## What you will do:
Print the lines below from the line with "전시에 감정이 최고조로" to the line with "Up for sale" exactly, keeping both ends, and print no pictures.

-- Information provided follows --

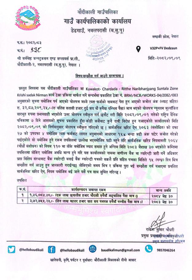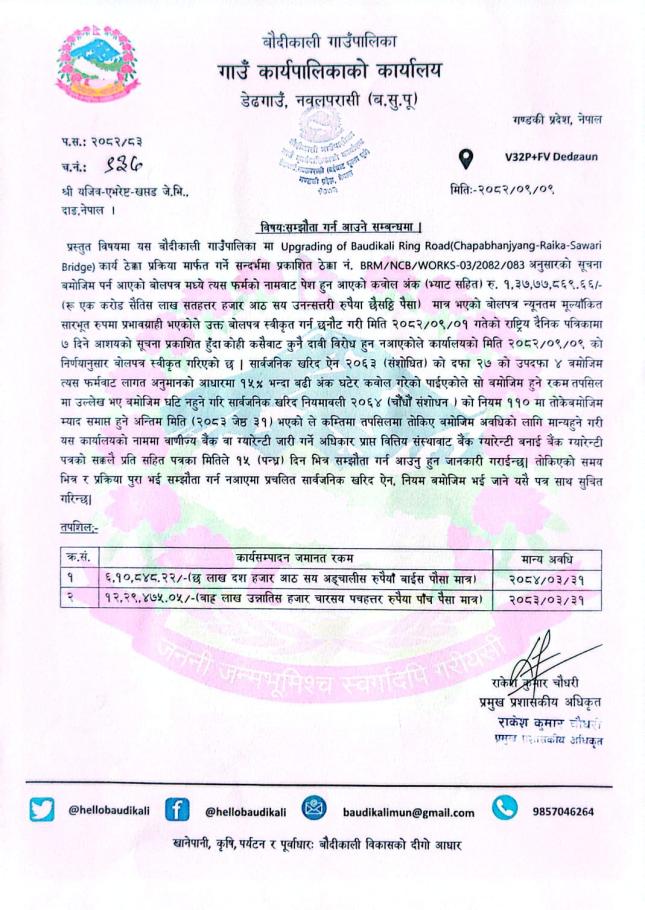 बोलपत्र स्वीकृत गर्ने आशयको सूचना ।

-- Information provided concluded --
-- Information provided follows --

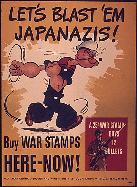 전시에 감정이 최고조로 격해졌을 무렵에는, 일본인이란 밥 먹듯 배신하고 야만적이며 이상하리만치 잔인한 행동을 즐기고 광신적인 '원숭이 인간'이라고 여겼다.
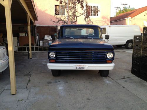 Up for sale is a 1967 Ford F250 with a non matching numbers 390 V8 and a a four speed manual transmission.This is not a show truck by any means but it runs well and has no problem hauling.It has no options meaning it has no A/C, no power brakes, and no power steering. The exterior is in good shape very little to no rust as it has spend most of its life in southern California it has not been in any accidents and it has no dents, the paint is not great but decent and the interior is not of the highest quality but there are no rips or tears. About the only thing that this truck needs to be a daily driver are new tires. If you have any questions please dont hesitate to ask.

-- Information provided concluded --

## Answer section:
 전시에 감정이 최고조로 격해졌을 무렵에는, 일본인이란 밥 먹듯 배신하고 야만적이며 이상하리만치 잔인한 행동을 즐기고 광신적인 '원숭이 인간'이라고 여겼다.
 Up for sale is a 1967 Ford F250 with a non matching numbers 390 V8 and a a four speed manual transmission.This is not a show truck by any means but it runs well and has no problem hauling.It has no options meaning it has no A/C, no power brakes, and no power steering. The exterior is in good shape very little to no rust as it has spend most of its life in southern California it has not been in any accidents and it has no dents, the paint is not great but decent and the interior is not of the highest quality but there are no rips or tears. About the only thing that this truck needs to be a daily driver are new tires. If you have any questions please dont hesitate to ask.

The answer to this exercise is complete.